The hunters have trapped you:
Stag, the forests shall mourn!
You can have my black coat, sun,
But preserve my living power!
We are afraid, we do not dare
To succour the imperial grief.
Stung by Theseus, night fell on him.
We shall bring the dead home with our burial chant;
We shall cool the black sun
Of its savage, insomniac passion.
And memory’s huge flag –
Bird of death and mourners –
Trails its black borders
Over the cypress stern.
Oh how meagre life’s weft,
How threadbare the language of rejoicing!
Everything existed of old, everything happens again,
And only the moment of recognition is sweet.
Man dies, the hot sand cools.
Yesterday’s sun is borne on a black litter.
I am left with one care only, a golden one:
To free myself from the burden of time.
Let the conspirators, like sheep, speed over the snow.
Let the brittle snow-crust crack.
Winter – to some – is a lodging of wormwood and acrid smoke,
To some the stern salt of ceremonial wounds.
Oh to raise a lantern on a long stick,
Under the salt of stars to follow a dog,
And, rooster in pot, enter a fortune-teller’s yard.
But white, white snow scalds my eyes till they smart.
Mowers bring back
Goldfinches fallen from their nests.
I shall wring loose from these burning lines,
Get back to the order of sound where I belong,
To the blood’s grass-like and ringing connection,
Nerving myself for the dream beyond reason.
To wrench our age out of prison
A flute is needed
To connect the sections
Of disarticulated days …
And buds shall swell again,
Shoots splash out greenly.
But your backbone is broken,
My beautiful, pitiful century.
With an idiot’s harsh and feeble grin
You look behind:
A beast, once supple,
Ponders its paw-marks in the sand.
I look the frost in the face, alone –
It’s going nowhere, I come from nowhere –
And always the breathing wonder of the plain
Ironed, folded without a crease.
Plagued by their miraculous and all-engulfing hunger,
What can we do with the murderous plains?
Surely what we deem to be their openness
We ourselves – falling asleep – behold;
And everywhere the questions swell – where do they go,
And where do they come from?
And is not he who makes us shriek in our sleep
Slowly crawling across them –
The space for Judases not yet born.
And I gasp after them, yelling
At some frozen wood-pile:
Just a reader, someone to speak with, a doctor!
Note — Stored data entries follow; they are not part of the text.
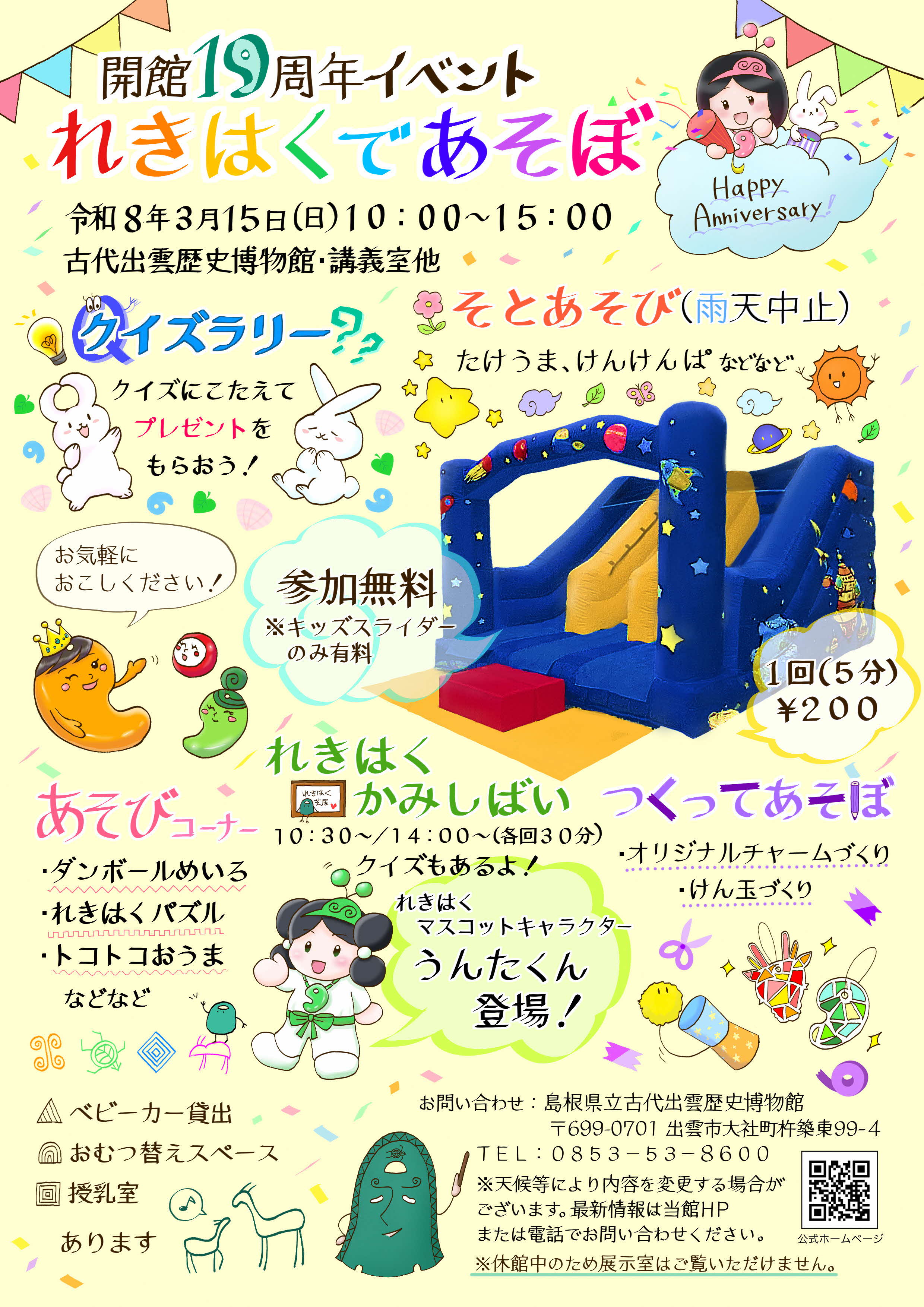 古代出雲歴史博物館は、令和8年3月10日(火)に開館19周年を迎えます。これを記念し、開館19周年記念イベント「れきはくであそぼ」を開催しますのでご案内します。
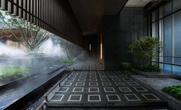 項目負責人介紹,萬科璞園·璞玉入戶空間整體挑高約4.8米,吊燈、吧臺、墻面、壁燈等設計融合了傳統文化元素;下沉庭院,結合建筑空間,用漸變玻璃磚打造了約7.5米的飛瀑。
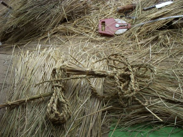 田舎では高齢化で注連縄を作れる人が少なくなり将来に不安を残すが、まずは今年は出来て一安心する。これでお祇園(お神輿、祇園車)が迎えられる。組の最初の行事は道路愛護、山神様の掃除、注連立てである。
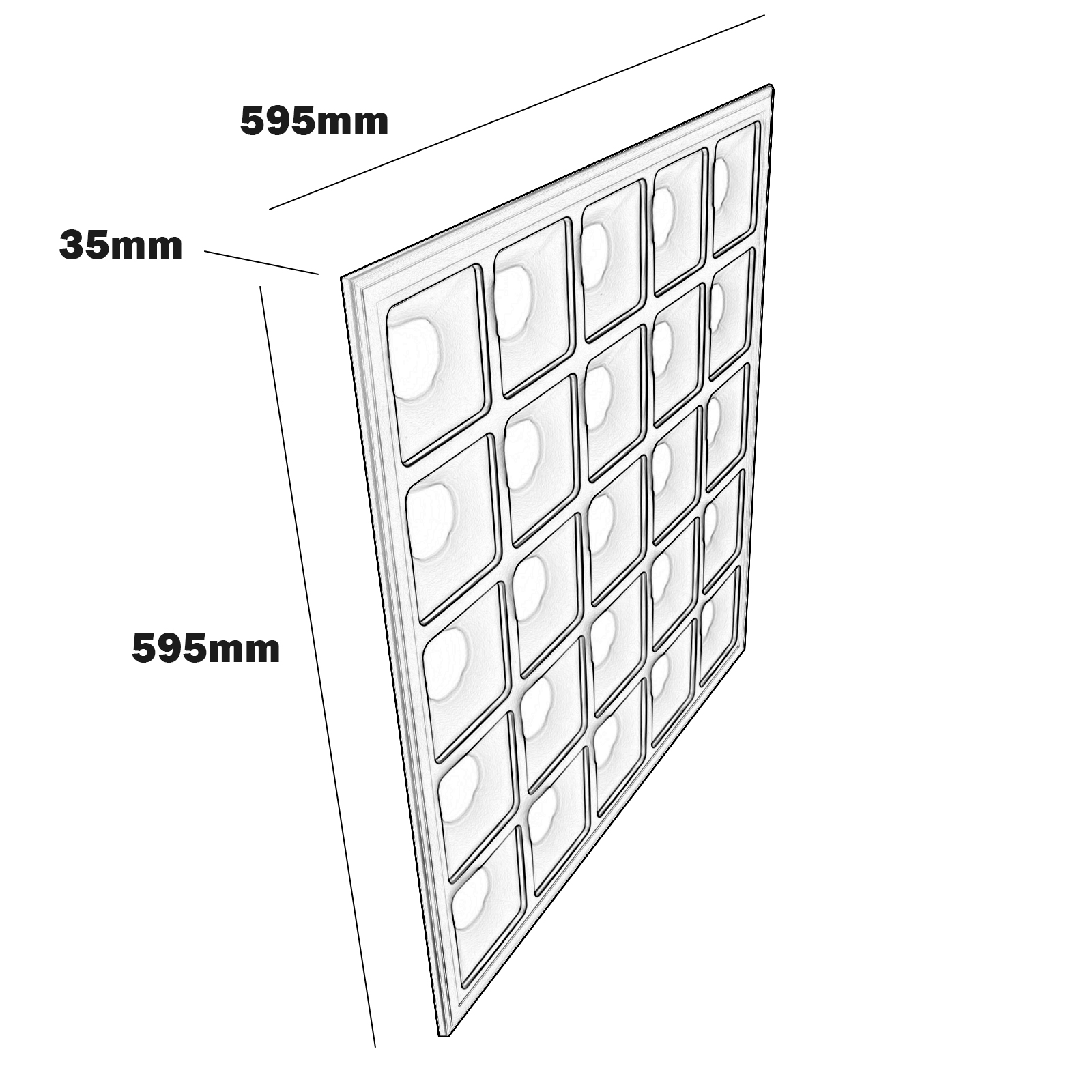 Dimensioni della pannello: 595mm x 595mm x 35mm.
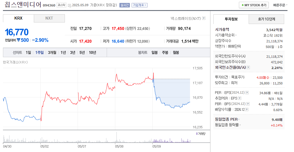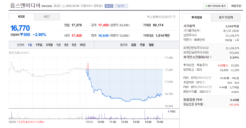 2025년 5월 11일 기준 칩스 앤 미디어 주가는 16770원입니다. 전일 대비 소폭 하락했지만 전체 흐름으로 보면 강세를 지속하고 있습니다.
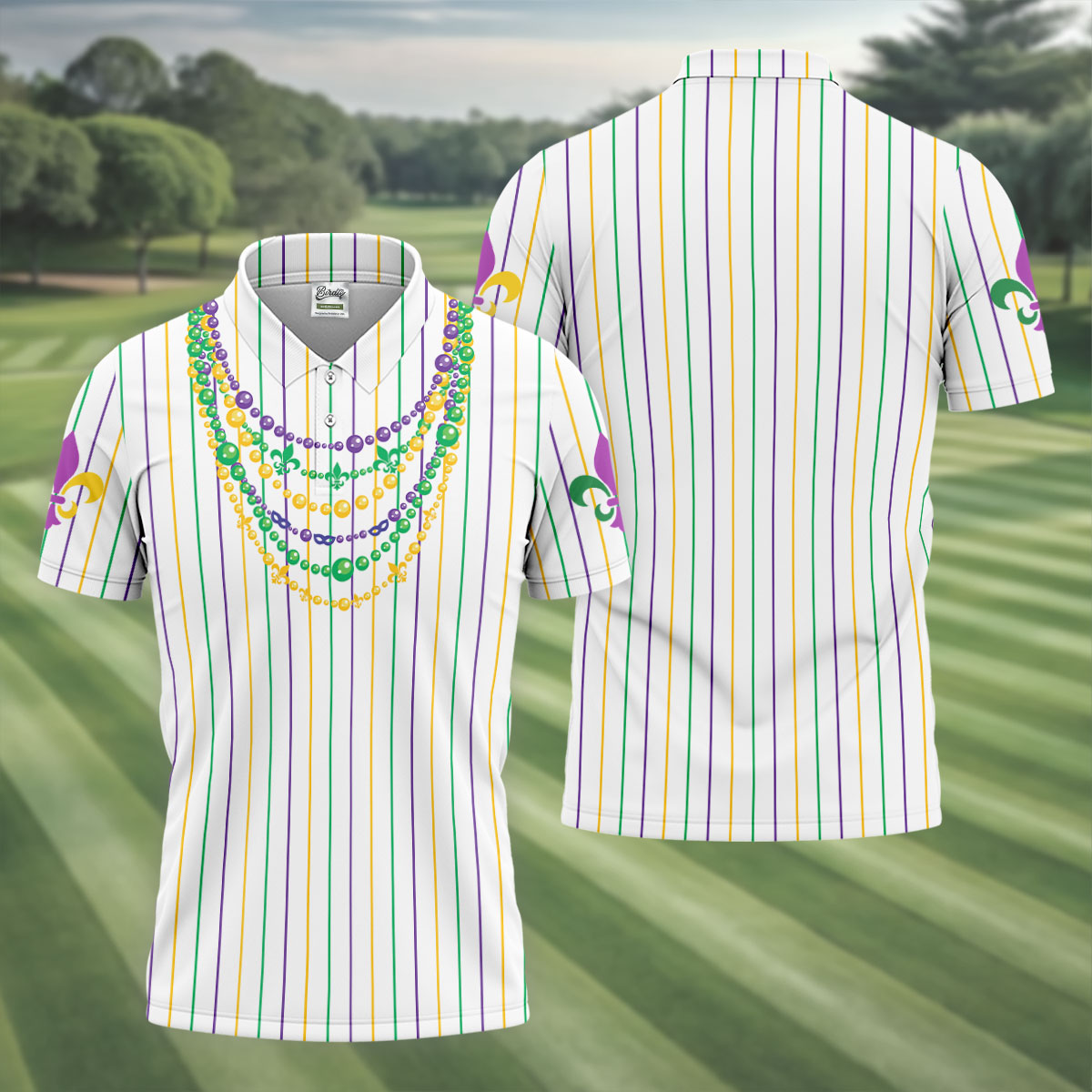 Whether you’re teeing off during Mardi Gras week, playing a themed tournament, or just looking for an excuse to bring festival vibes to the course — this shirt shows up ready to celebrate.

A conversation on the bitter stairs!
I’ve gone into the depths of time –
And found it numb.
Eyes once keener than a sharpened scythe –
In the pupil a cuckoo, a drop of dew –
Now barely able to pick out, in full magnitude,
The lonely multitude of stars.
If our enemies take me
And people stop talking to me,
If they confiscate the whole world –
The right to breathe, open doors,
Affirm that existence shall go on
And that the people, like a judge, shall judge,
And if they dare to keep me like an animal
And fling my food on the floor,
I won’t fall silent or deaden the agony,
But shall write what I am free to write,
Only let it be now on earth, and not in heaven,
As in a house full of music. –
If only we don’t scare or wound them –
It would be pleasant to survive.
Forgive me for what I’m telling you;
Quietly, quietly read it back to me.
O Lord, help me to live through this night -
I'm in terror for my life, your slave:
to live in Petersburg is to sleep in a grave.